03/16/2021
Complications of Probating an Estate With Only a Copy of a Decedent’s Will and How to Avoid Them.
This past year I experienced not one but two probate cases where the heirs or devisees could only find a copy of the decedent’s will. In both cases we had a photocopy of the original will. While a copy of a will can be submitted to probate, it does complicate matters and requires more time and cost than does filing an original will.
In most cases, a decedent’s will directs that their estate be probated informally meaning “unsupervised” by the probate court. Informal probate allows the personal representative (PR) also known as an executor, to process the decedent’s estate efficiently and as cost effective as possible in the shortest amount of time. However, when presenting a copy of a decedent’s will, one must file a Petition for Probate and/or Appointment of Personal Representative as opposed to an Application for Probate. The difference is that a petition requires a hearing before the court. The hearing, usually scheduled 4-6 weeks in the future, will establish that all parties agree this is the “will” of the decedent and they agree who should be personal representative. If they can’t agree, then the court will decide who will be the PR.
This scheduled hearing on the petition is the first of the delays caused by filing a petition for probate. Contrast when filing the original will and application for probate. The personal representative is given Letters of Authority immediately when the application is filed. This allows the PR to begin immediately to get into the decedent’s home, find records, financials, protect property, establish an estate bank account and notify creditors of the decedent’s passing.
Court rules require that all interested persons must be given actual notice of the petition, notice of the hearing, and proof of service must be filed so the court knows all parties have been notified and have an opportunity to attend the hearing and voice their approval or disapproval of the petition.

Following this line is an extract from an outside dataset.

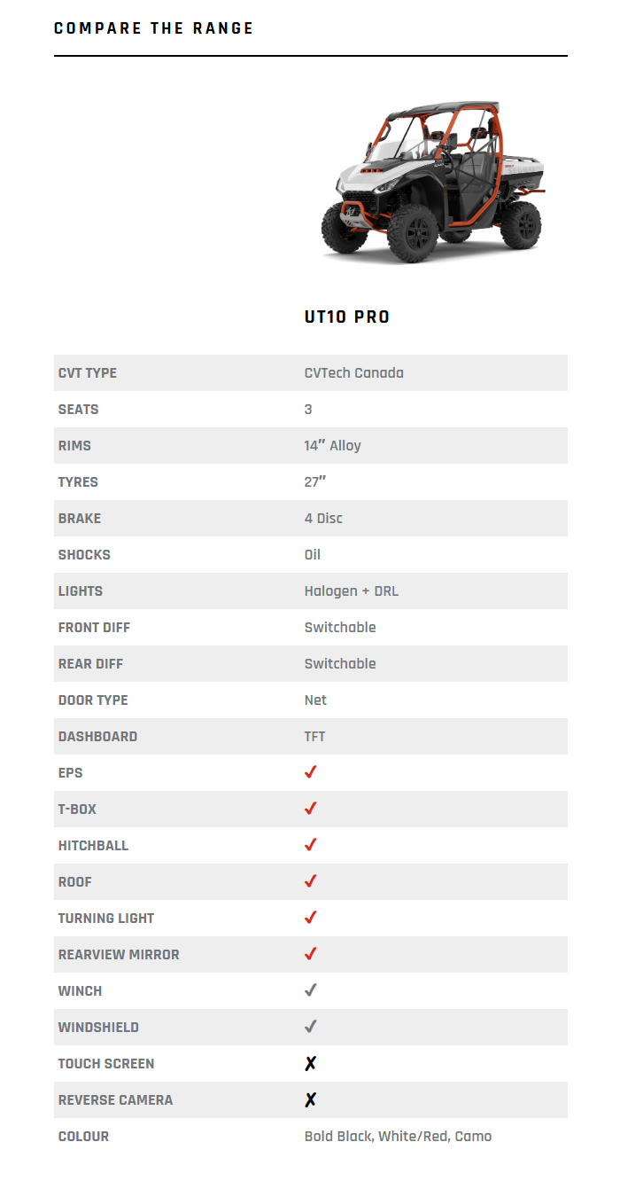 Experience uncompromised utility with the UT10 Navigator. This rugged workhorse boasts a tilting bed box with an impressive load capacity of 450kg, making heavy lifting a breeze. With a remarkable payload capacity of 680kg and the ability to tow up to 1,134kg, it’s your trusted companion for handling tough tasks on the farm, job site, or wherever your adventures take you. The UT10 Navigator is built to tackle the most demanding challenges with ease and efficiency.

Another complication arose in one of the cases when it was found the decedent had a safety deposit box at a major bank and there was no other person with authority to open the box. This required us to file a Petition and Order to Open Safe-Deposit Box to Locate Will or Burial Deed and required another filing fee. Getting the judge to sign the order was not a problem but the bank (did I mention I hate dealing with banks) has their own policies and procedures. You would think it should be a simple matter to go to the bank with a court order in hand and have them let you get in the safety deposit box and look for a will. But no, the bank said they had to send the court order to their legal department at bank headquarters to be examined and approved by their lawyers (as if the bank lawyers could disapprove a court order). This delay took more than ten days before my client was allowed to get permission from the bank to open the box. And what did we find? The original will and prepaid burial deed!
After that, we had to file a safe box search certification signed by my client and two bank officers testifying as to what was found in the box. Note that the order to open the box only allows the petitioner to take a will and burial deed out. Anything else in the box stays there until the petitioner is appointed as the legal personal representative. Then, he or she has to make another trip to the bank to clean out the box.
Now let’s deal with the real estate. In both my cases, because they were formal probate, the Letters of Authority came with a restriction: “The Personal Representative shall not sell any real estate of the estate without further order of the court.”
In both my cases the decedent was the only person listed on the deed. There was no other document executed to transfer the property to another person. What were we to do? Yes, you guessed it: file another petition. This one for approval to sell real estate. Once again, we had to pay a filing fee, get a hearing scheduled out a month, give notice to all interested parties and have the hearing. However, prior to the hearing, we had to find a buyer, get a purchase agreement, get a professional appraisal, get the house/condo cleaned out, painted, etc. Then, when everything was submitted to the court prior to the hearing and approved after the hearing, we got the order to sell the property.
In one of the cases, the judge ordered appointment of a GAL (guardian ad litem), who is a lawyer, to investigate the sale of the property and make a recommendation to the court to approve or disapprove the sale. This cost the estate another $750.00 to pay the GAL fee.
So, how do we un-complicate probate? If possible, let’s avoid it if we can. Let’s be clear, probate in itself, is not a horrible thing to go through. It can be time consuming, and frustrating if one attempts to go it alone without the assistance of legal counsel. But, it exists to provide a way to disperse a decedent’s property to rightful heirs or devisees in the absence of planning. Also, it is not terribly expensive to probate an estate. However, it is more expensive than proper planning. With proper planning, money, real estate, personal property, can be transferred to others without the need for probate.
In the cases above, if the decedents had previously executed deeds to transfer real estate after their deaths, there would be no need to go to court. If the decedent’s had another person named on the safety deposit box, there would be no need to go to court and deal with the bank red tape. If the decedents had listed a POD (payable on death) on their bank accounts, there would be no reason to go to court.
Most important, if the decedents had put their original wills where someone could find them, their estates could have been probated without formality and court hearings. This alone would have saved much time and cost.